Instructions for the task.
The answer must be a bare number: the count of lines below that contain "with".

Data for this exercise.
========================================
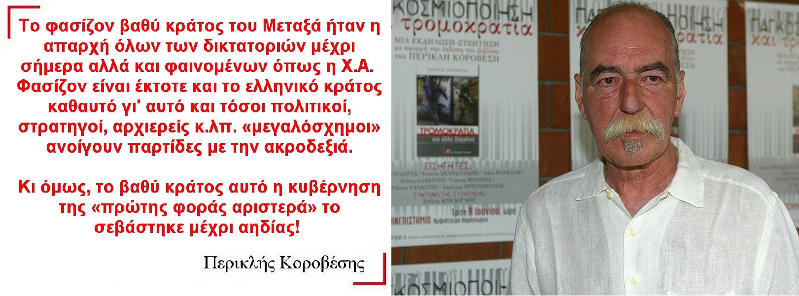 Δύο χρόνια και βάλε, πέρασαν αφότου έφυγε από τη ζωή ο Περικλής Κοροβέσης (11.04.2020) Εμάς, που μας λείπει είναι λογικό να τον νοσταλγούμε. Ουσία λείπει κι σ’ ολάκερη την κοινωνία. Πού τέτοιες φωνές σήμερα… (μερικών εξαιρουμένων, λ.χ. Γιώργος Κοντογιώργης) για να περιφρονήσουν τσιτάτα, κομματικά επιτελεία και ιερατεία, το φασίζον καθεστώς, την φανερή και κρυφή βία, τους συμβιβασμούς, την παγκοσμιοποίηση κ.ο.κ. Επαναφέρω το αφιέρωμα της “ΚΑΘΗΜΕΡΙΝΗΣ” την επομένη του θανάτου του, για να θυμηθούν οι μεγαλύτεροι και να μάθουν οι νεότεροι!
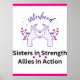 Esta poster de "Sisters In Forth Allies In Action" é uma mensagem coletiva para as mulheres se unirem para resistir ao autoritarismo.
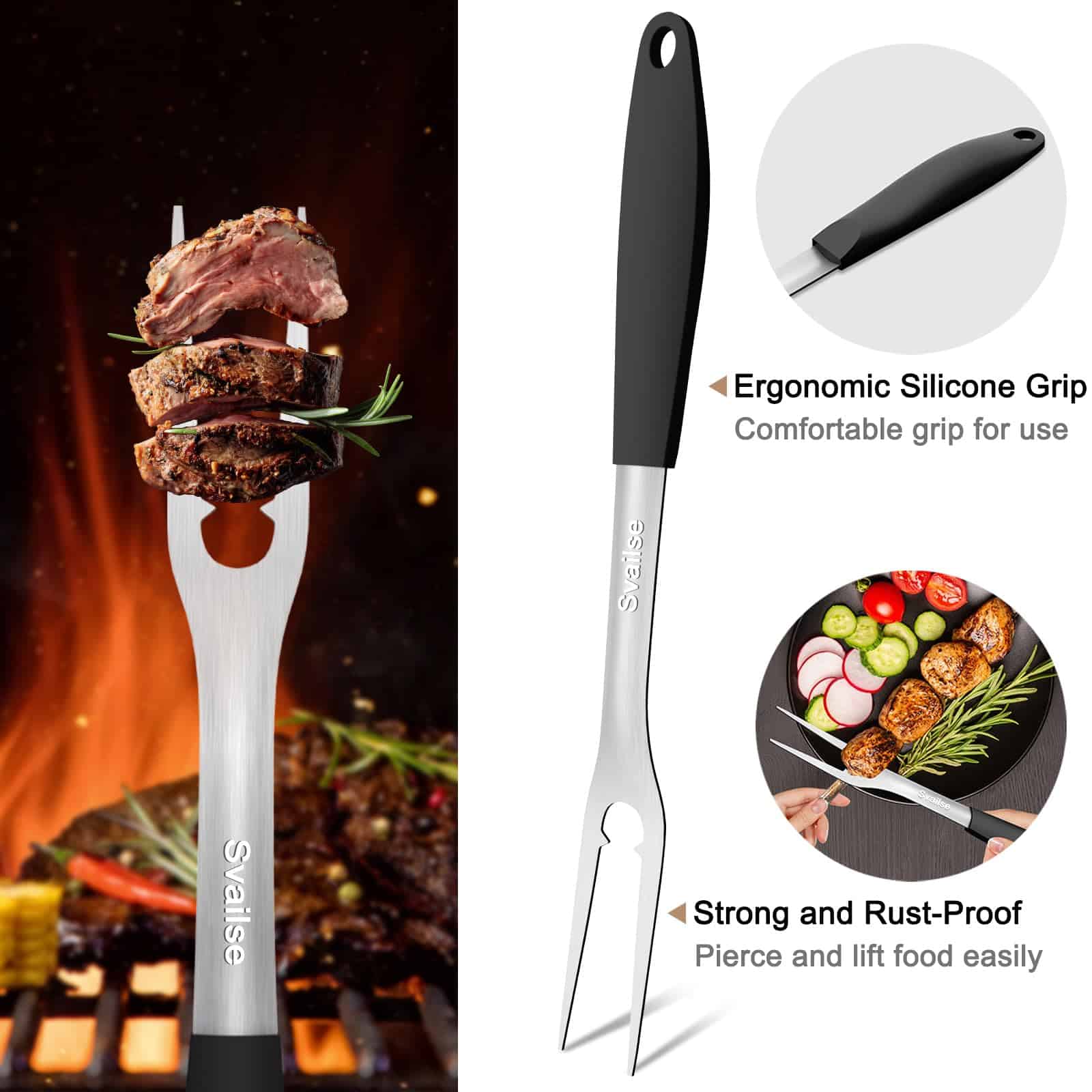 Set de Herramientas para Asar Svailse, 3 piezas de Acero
========================================
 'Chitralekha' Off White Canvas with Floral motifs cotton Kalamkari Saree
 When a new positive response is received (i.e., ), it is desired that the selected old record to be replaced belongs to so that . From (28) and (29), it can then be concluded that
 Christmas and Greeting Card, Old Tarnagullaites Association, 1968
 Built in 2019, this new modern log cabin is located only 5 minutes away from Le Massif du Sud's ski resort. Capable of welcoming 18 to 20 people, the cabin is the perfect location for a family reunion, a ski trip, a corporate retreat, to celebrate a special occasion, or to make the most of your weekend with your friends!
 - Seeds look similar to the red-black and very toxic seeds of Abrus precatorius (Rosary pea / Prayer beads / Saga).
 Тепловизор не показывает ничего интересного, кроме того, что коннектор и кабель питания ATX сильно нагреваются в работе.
========================================
Answer area.
2